Questo tutorial mostra come addestrare il modello linguistico di grandi dimensioni (LLM) Llama 3 8B su Google Kubernetes Engine (GKE) utilizzando MaxText, Ray Train e TPU.
Questo tutorial fornisce una procedura dettagliata completa end-to-end, dalla configurazione dell'infrastruttura cloud necessaria all'invio e all'esecuzione corretta del carico di lavoro di addestramento sulle TPU multi-host.
Questo tutorial è rivolto agli amministratori e agli operatori della piattaforma e agli specialisti di dati e AI che vogliono imparare ad addestrare modelli di grandi dimensioni su uno slice TPU distribuito e multi-host.
Sfondo
La combinazione di GKE, KubeRay, MaxText e TPU fornisce una piattaforma potente e scalabile per l'addestramento di modelli su larga scala. Questa sezione descrive le tecnologie chiave utilizzate in questa guida:
JAX
JAX è una libreria Python per il calcolo di array e la trasformazione di programmi orientati agli acceleratori, progettata per il calcolo numerico ad alte prestazioni e il machine learning su larga scala.

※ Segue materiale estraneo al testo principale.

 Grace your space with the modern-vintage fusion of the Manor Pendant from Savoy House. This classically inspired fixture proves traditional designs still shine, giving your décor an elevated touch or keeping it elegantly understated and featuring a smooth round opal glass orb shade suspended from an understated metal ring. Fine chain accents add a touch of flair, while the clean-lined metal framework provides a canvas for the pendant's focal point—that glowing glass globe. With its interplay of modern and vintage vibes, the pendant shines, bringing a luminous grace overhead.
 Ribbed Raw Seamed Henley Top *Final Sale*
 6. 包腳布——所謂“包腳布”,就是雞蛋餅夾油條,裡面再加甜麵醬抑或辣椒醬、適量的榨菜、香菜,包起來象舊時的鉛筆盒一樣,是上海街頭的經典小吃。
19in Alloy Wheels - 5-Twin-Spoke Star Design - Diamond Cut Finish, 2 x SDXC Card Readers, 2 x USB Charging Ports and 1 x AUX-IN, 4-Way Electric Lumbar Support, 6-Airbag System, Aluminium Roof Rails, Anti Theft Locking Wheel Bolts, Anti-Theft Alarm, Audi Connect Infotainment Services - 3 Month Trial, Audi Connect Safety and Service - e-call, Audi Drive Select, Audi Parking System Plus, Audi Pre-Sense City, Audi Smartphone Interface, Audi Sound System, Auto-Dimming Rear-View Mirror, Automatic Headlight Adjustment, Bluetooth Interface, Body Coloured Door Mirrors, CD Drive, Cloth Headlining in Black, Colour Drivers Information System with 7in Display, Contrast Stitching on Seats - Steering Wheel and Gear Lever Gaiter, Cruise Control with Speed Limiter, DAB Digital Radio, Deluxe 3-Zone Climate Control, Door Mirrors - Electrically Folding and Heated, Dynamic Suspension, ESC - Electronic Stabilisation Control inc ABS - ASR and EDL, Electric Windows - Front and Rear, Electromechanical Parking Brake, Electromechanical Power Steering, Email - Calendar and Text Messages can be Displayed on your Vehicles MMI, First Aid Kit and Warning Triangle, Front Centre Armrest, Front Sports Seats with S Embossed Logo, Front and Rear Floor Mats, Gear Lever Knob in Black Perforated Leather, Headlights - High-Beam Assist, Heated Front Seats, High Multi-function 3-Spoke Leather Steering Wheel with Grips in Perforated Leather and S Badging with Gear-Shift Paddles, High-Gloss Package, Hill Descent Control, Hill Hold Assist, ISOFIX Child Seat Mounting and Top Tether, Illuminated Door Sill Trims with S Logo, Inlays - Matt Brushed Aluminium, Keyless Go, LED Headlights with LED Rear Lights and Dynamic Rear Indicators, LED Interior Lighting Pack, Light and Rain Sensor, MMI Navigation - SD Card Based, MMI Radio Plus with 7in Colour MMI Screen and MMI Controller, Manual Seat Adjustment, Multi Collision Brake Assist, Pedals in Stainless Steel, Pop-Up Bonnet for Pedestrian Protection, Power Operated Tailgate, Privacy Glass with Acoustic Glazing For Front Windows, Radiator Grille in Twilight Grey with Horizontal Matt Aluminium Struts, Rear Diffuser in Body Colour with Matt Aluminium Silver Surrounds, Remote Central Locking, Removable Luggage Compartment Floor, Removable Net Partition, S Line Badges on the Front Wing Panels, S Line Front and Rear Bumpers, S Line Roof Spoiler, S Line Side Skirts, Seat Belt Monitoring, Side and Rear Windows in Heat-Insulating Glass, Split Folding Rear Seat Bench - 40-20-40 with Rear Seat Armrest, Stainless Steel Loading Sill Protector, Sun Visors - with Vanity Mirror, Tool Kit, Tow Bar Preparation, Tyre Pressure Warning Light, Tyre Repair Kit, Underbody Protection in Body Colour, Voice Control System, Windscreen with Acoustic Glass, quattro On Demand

JAX fornisce un sistema estensibile per trasformare funzioni numeriche come
jax.grad, jax.jit e jax.vmap, utilizzando il compilatore XLA per creare
codice altamente ottimizzato che viene scalato in modo efficiente su acceleratori come GPU e
TPU. La potenza principale di JAX risiede nella sua composizione, che consente agli utenti di
combinare queste trasformazioni per creare programmi numerici complessi e ad alte prestazioni
per l'esecuzione distribuita.
MaxText
MaxText è un modello linguistico di grandi dimensioni (LLM) open source ad alte prestazioni progettato per la scalabilità e la personalizzazione. MaxText è basato su JAX e ottimizzato per essere eseguito in modo efficiente su Cloud TPU e GPU.
TPU
Le Tensor Processing Unit (TPU) sono acceleratori progettati su misura creati da Google per ottimizzare i carichi di lavoro di machine learning. A differenza delle CPU per uso generico o delle GPU per l'elaborazione parallela, le TPU sono altamente specializzate per i calcoli massicci di matrici e tensori alla base del deep learning, il che le rende efficienti in questo compito specifico. Il vantaggio principale delle TPU è il rendimento su larga scala.
Questo tutorial utilizza la TPU Trillium, che è la sesta generazione di TPU. Per saperne di più, consulta Vantaggi dell'utilizzo di TPU Trillium.
KubeRay
KubeRay è un operatore Kubernetes che fornisce un modo unificato per eseguire il deployment, gestire e monitorare le applicazioni Ray su Kubernetes. L'operatore KubeRay viene installato e gestito tramite il componente aggiuntivo Ray su GKE, che è il modo consigliato per eseguire il deployment e gestire i cluster Ray su GKE.
Obiettivi
Questo tutorial mostra gli aspetti seguenti:
- Configura un cluster GKE con un pool di nodi TPU multi-host.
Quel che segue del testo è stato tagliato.